While he's not walking much--just 6.0% of the time this year, which is actually an improvement from the awful 4.9% walk rate last year--he's taking a lot of pitches. He's swinging at just 44.4% of the pitches he sees, and 59.5% in the zone, making him one of the more passive hitters in the game against pitches in the zone. He's also swinging at just 22% of first pitches, down from 32% last year and 29% in 2009. All this adds up to a lot of pitchers' counts. He's seen just three 3-1 counts, five 2-0 counts, and one 3-0 count all year. And it means he's not getting a lot of pitches to hit.

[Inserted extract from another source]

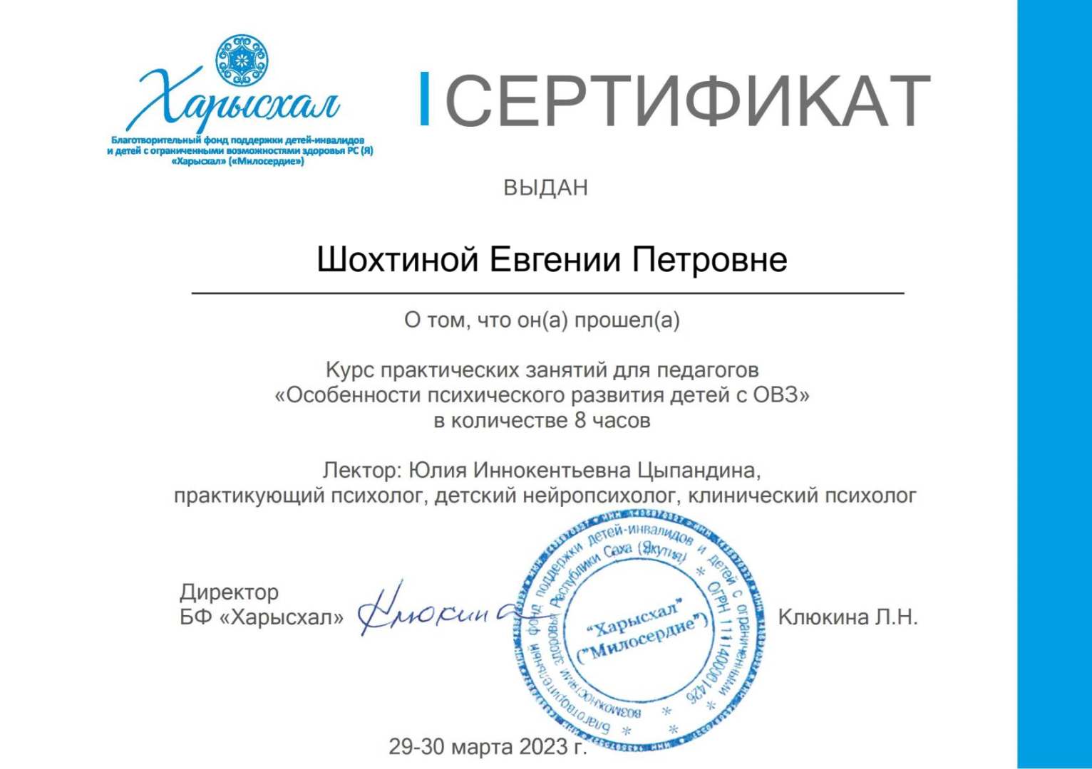 | Ф.И.О. | Шохтина Евгения Петровна |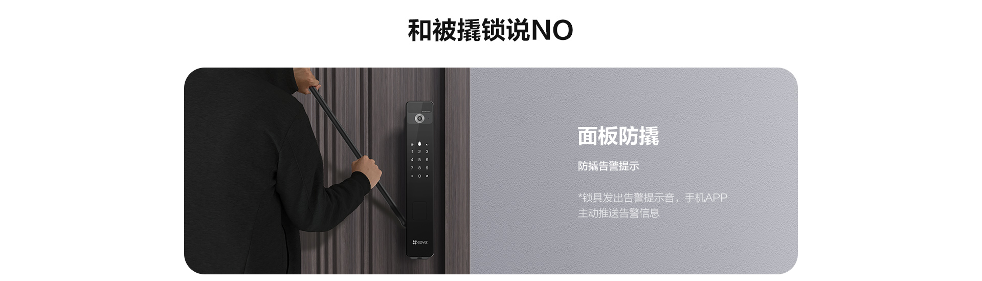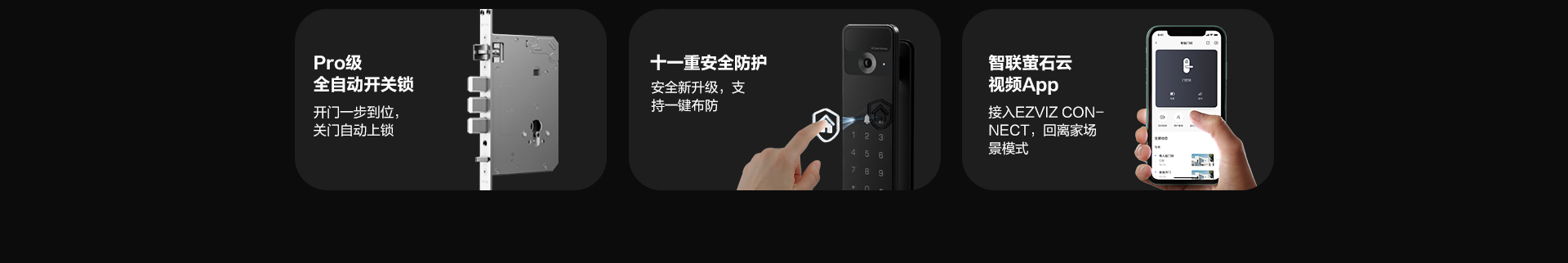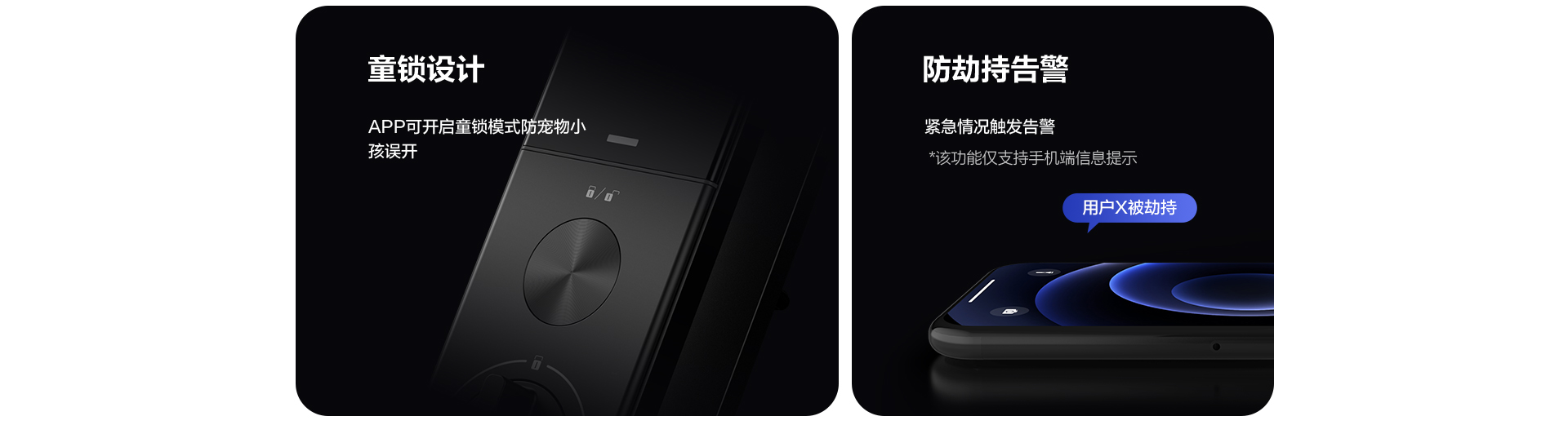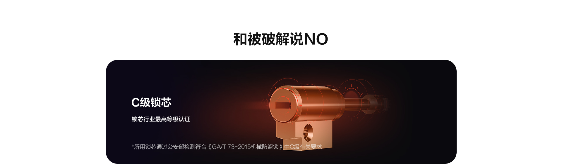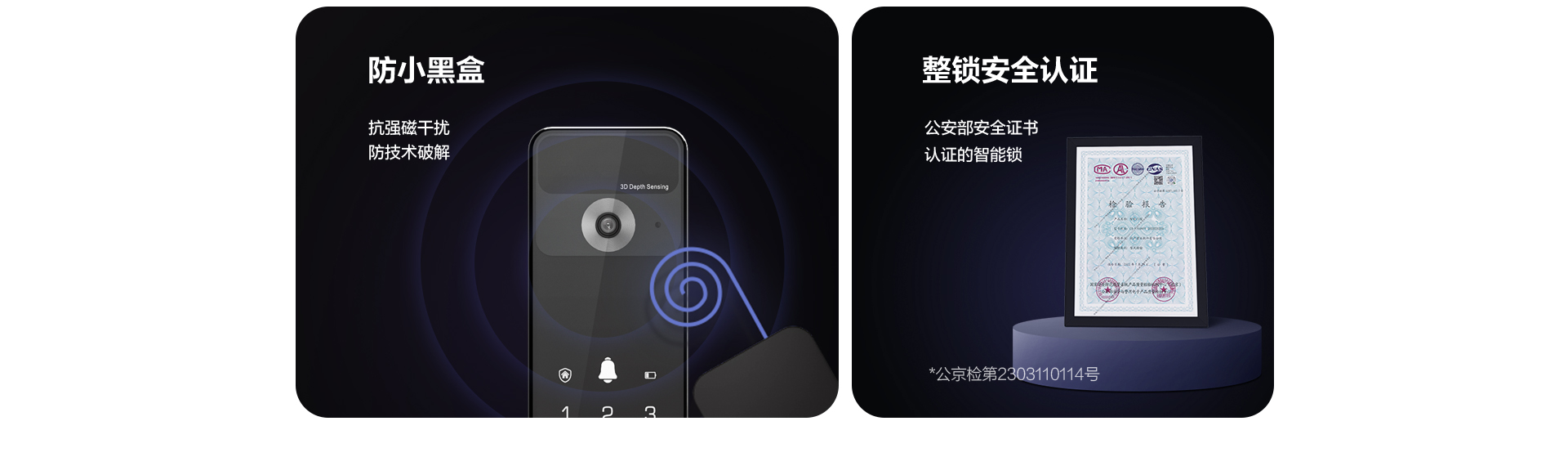 锁具安全防护   离家一键布防,锁体状态全检测,直插式C级锁芯,应急机械开锁,童锁防护,双重验证解锁,虚位密码设计,防小黑盒设计,试错锁定报警,布防模式室内开门报警,门锁被撬报警

Maybe it'll help him to get out of the leadoff spot. If that caused him to change his approach, when he was already struggling, then that probably wasn't helpful.

But I don't think the problem is his spot in the batting order. I think Desmond just hasn't taken the developmental steps needed to show he can be a starting major league shortstop. And with the errors continuing to pile up, he's just not doing enough to justify letting him work out the kinks in the majors. I'm not saying they should give up on him forever. But he should be in the minors now.

Of course they don't have anyone else to play the position. I guess their best option would be to slid Espinosa over and play Cora or Hairston every day at second. But that shouldn't be a reason to keep Ian in DC.

Oh well, look on the bright side, Ian. You won't have too much trouble getting playing time from this guy.

2 comments:

logan said...

http://www.masnsports.com/phil_wood/2011/04/desmonds-valid-distraction.html

Anonymous said...

We're on Giggleman's Isle a place where
pathetic Cora plays SS instead of Espinosa
At Shortstop his natural position? Where
Pudge still gets starts over Ramos as well?

Rizzo's veteran bench ap study in AAA futility.